MATERIALS PROVIDED section start
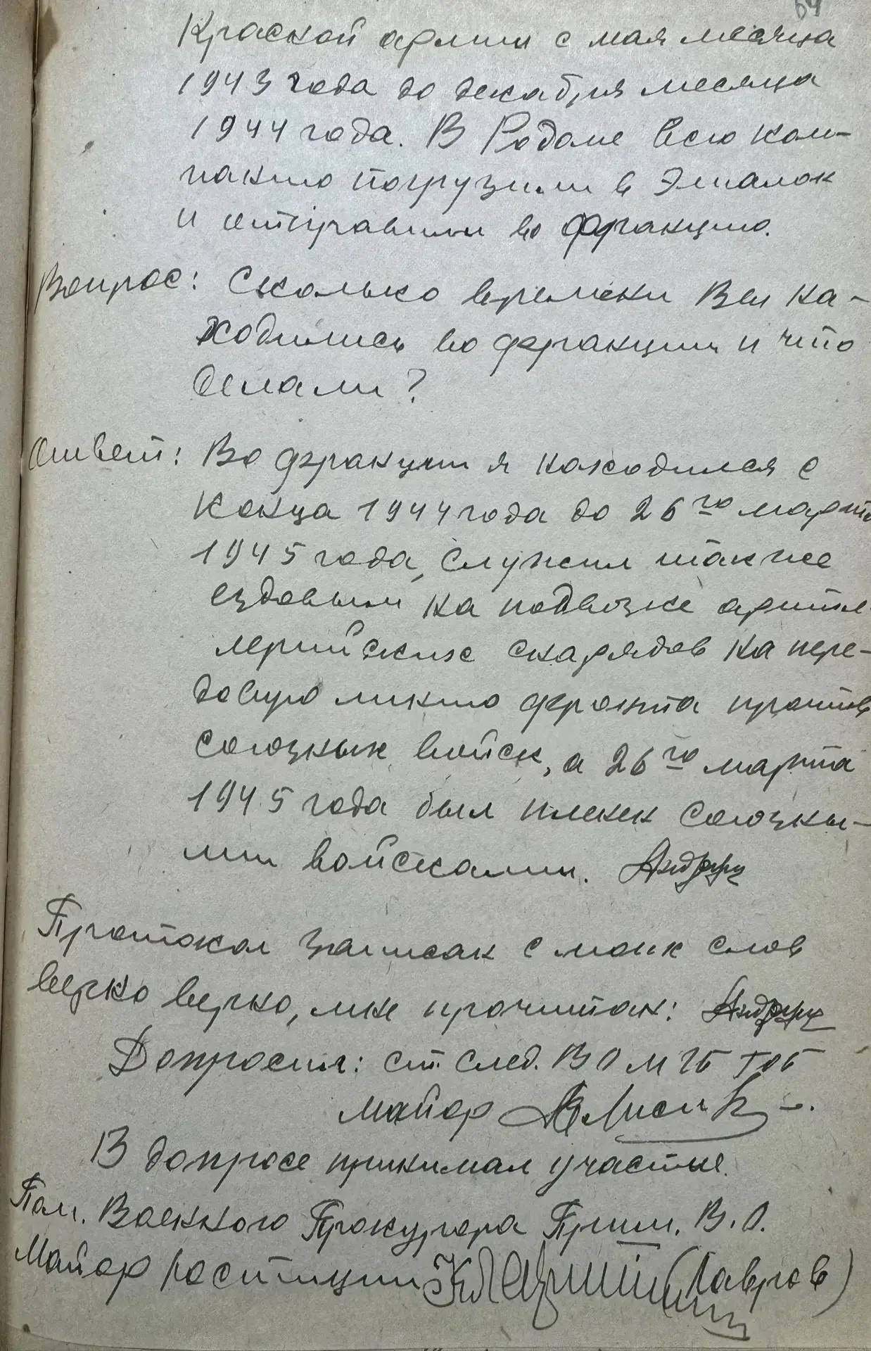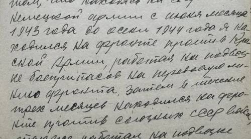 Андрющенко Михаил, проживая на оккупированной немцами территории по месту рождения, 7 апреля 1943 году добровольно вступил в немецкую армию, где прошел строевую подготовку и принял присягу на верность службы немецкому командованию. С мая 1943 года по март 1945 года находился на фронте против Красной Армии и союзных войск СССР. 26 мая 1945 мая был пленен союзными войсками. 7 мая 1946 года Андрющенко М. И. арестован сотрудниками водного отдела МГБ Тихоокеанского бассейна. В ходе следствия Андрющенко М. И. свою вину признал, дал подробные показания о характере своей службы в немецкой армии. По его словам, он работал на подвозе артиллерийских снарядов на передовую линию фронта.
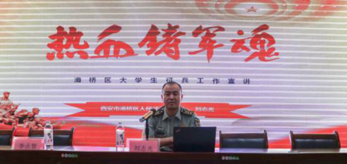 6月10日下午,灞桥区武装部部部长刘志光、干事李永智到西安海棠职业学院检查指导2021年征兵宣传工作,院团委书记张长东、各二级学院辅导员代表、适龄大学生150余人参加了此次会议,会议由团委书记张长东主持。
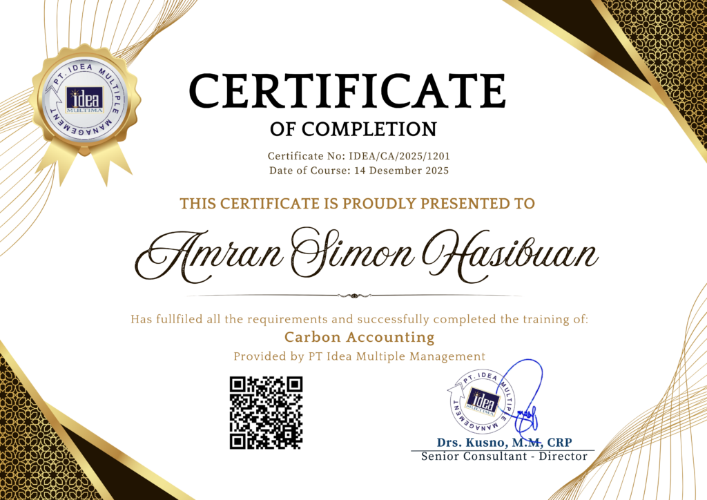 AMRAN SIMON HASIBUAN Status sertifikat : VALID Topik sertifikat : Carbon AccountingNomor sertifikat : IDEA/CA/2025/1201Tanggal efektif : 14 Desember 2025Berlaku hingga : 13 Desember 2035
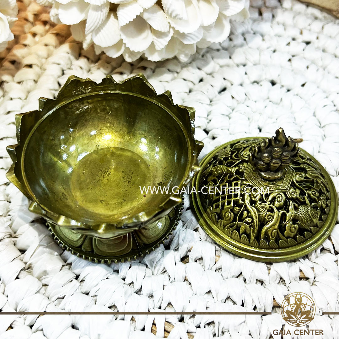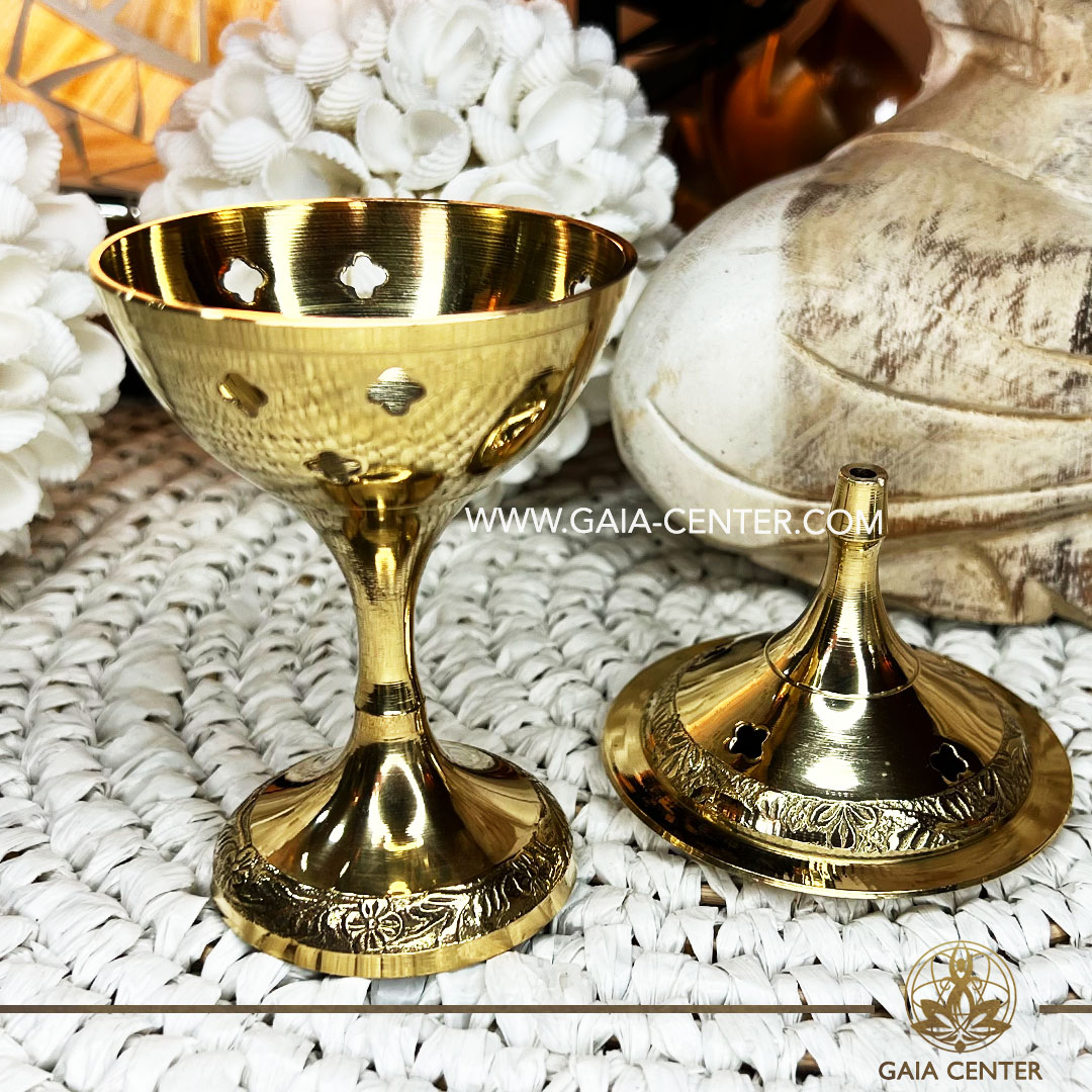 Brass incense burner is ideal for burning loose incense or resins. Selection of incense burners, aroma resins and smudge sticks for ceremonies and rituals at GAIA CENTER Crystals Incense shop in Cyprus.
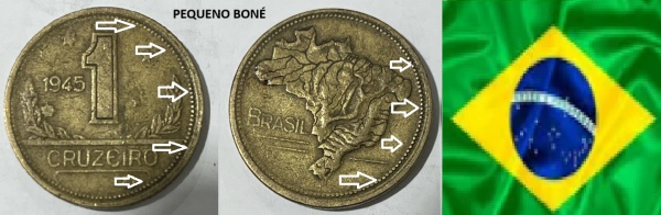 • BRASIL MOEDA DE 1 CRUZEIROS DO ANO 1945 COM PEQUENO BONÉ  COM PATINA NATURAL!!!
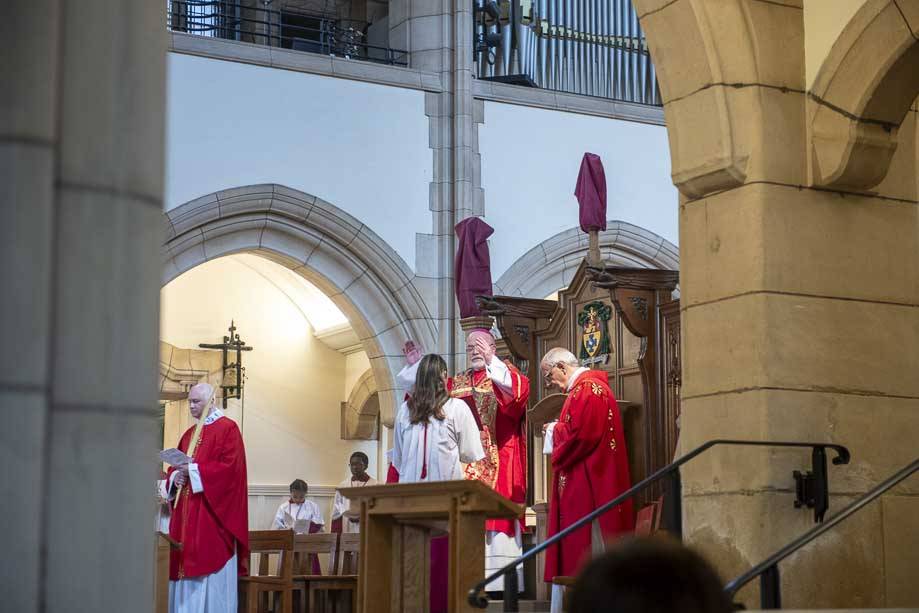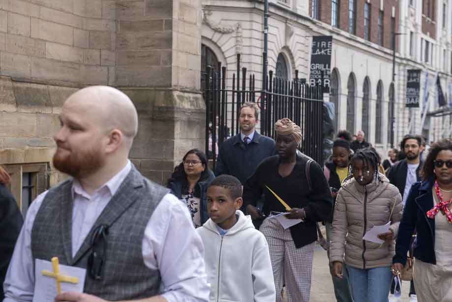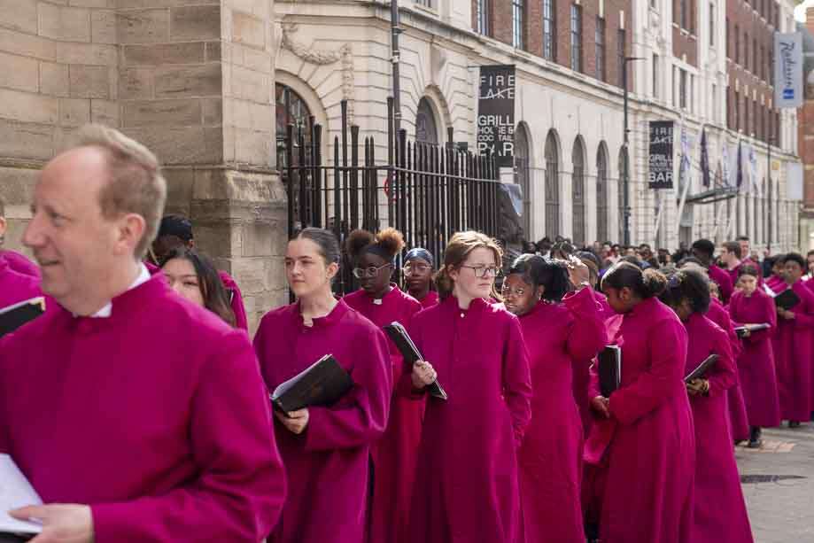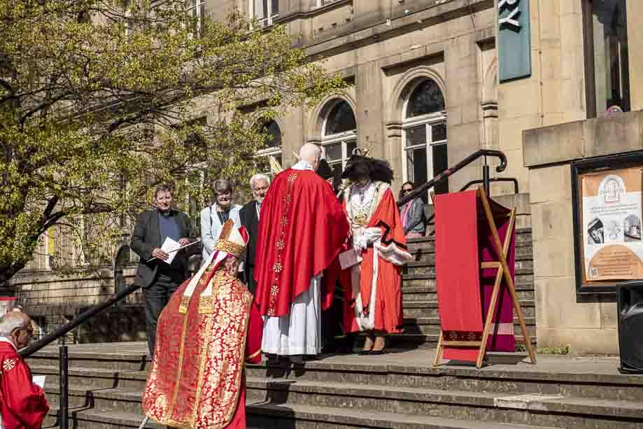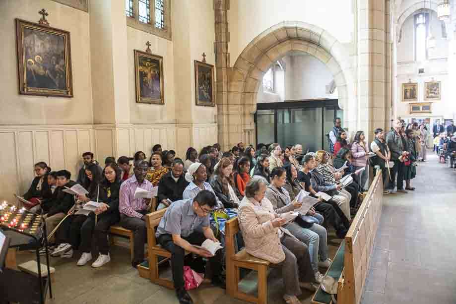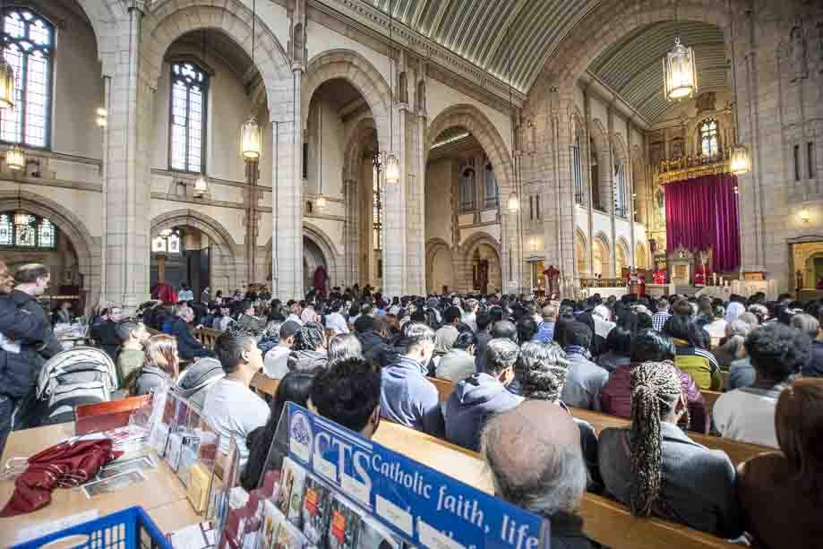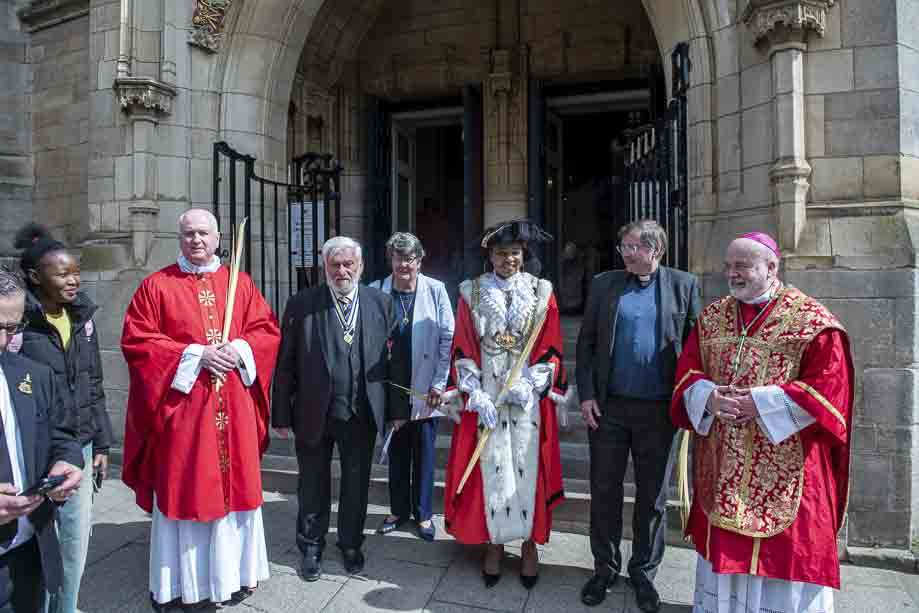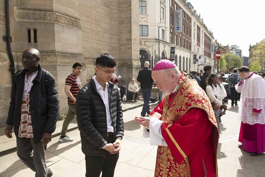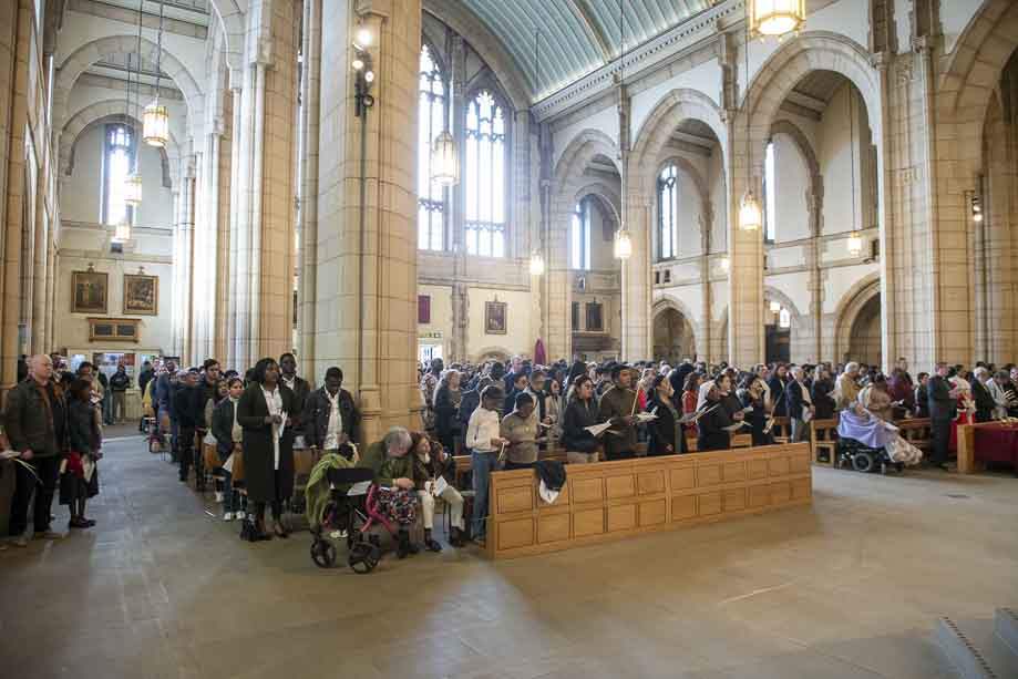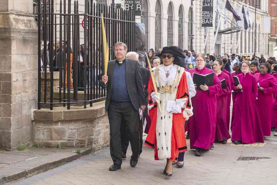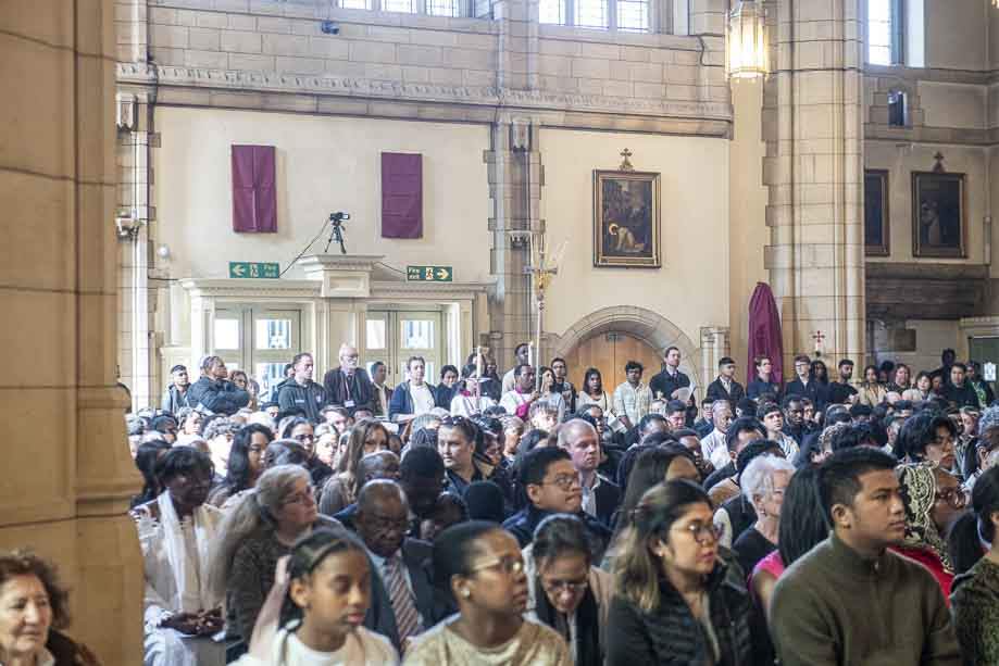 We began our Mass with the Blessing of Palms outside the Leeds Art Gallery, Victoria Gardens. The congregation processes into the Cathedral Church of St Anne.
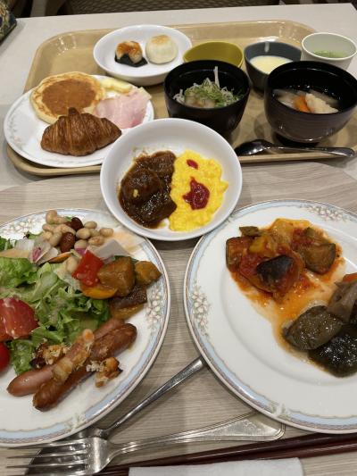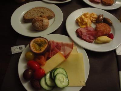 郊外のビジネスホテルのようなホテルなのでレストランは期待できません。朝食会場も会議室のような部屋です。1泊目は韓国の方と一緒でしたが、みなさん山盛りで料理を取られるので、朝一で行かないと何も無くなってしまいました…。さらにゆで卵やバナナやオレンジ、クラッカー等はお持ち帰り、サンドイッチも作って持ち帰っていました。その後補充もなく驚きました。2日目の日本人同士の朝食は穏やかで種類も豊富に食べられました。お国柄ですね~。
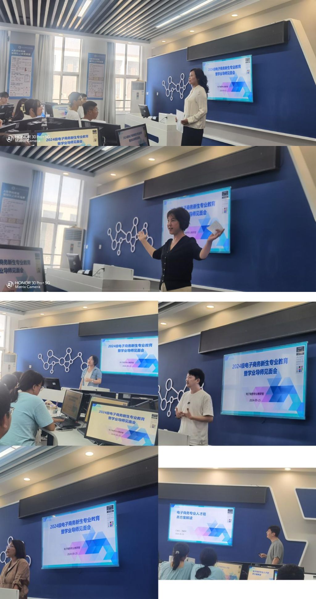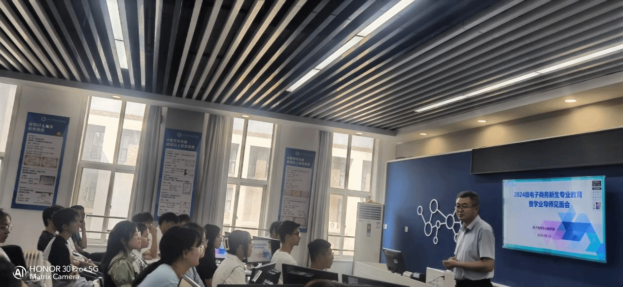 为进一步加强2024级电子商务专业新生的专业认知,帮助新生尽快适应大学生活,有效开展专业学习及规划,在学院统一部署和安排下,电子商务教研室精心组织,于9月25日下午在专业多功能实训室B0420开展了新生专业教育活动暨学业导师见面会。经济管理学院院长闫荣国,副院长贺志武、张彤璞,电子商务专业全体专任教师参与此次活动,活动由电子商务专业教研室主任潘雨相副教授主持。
MATERIALS PROVIDED section end
An exact reproduction of every record above is required, with no pictures included.

 Андрющенко Михаил, проживая на оккупированной немцами территории по месту рождения, 7 апреля 1943 году добровольно вступил в немецкую армию, где прошел строевую подготовку и принял присягу на верность службы немецкому командованию. С мая 1943 года по март 1945 года находился на фронте против Красной Армии и союзных войск СССР. 26 мая 1945 мая был пленен союзными войсками. 7 мая 1946 года Андрющенко М. И. арестован сотрудниками водного отдела МГБ Тихоокеанского бассейна. В ходе следствия Андрющенко М. И. свою вину признал, дал подробные показания о характере своей службы в немецкой армии. По его словам, он работал на подвозе артиллерийских снарядов на передовую линию фронта.
 6月10日下午,灞桥区武装部部部长刘志光、干事李永智到西安海棠职业学院检查指导2021年征兵宣传工作,院团委书记张长东、各二级学院辅导员代表、适龄大学生150余人参加了此次会议,会议由团委书记张长东主持。
 AMRAN SIMON HASIBUAN Status sertifikat : VALID Topik sertifikat : Carbon AccountingNomor sertifikat : IDEA/CA/2025/1201Tanggal efektif : 14 Desember 2025Berlaku hingga : 13 Desember 2035
 Brass incense burner is ideal for burning loose incense or resins. Selection of incense burners, aroma resins and smudge sticks for ceremonies and rituals at GAIA CENTER Crystals Incense shop in Cyprus.
 • BRASIL MOEDA DE 1 CRUZEIROS DO ANO 1945 COM PEQUENO BONÉ  COM PATINA NATURAL!!!
 We began our Mass with the Blessing of Palms outside the Leeds Art Gallery, Victoria Gardens. The congregation processes into the Cathedral Church of St Anne.
 郊外のビジネスホテルのようなホテルなのでレストランは期待できません。朝食会場も会議室のような部屋です。1泊目は韓国の方と一緒でしたが、みなさん山盛りで料理を取られるので、朝一で行かないと何も無くなってしまいました…。さらにゆで卵やバナナやオレンジ、クラッカー等はお持ち帰り、サンドイッチも作って持ち帰っていました。その後補充もなく驚きました。2日目の日本人同士の朝食は穏やかで種類も豊富に食べられました。お国柄ですね~。
 为进一步加强2024级电子商务专业新生的专业认知,帮助新生尽快适应大学生活,有效开展专业学习及规划,在学院统一部署和安排下,电子商务教研室精心组织,于9月25日下午在专业多功能实训室B0420开展了新生专业教育活动暨学业导师见面会。经济管理学院院长闫荣国,副院长贺志武、张彤璞,电子商务专业全体专任教师参与此次活动,活动由电子商务专业教研室主任潘雨相副教授主持。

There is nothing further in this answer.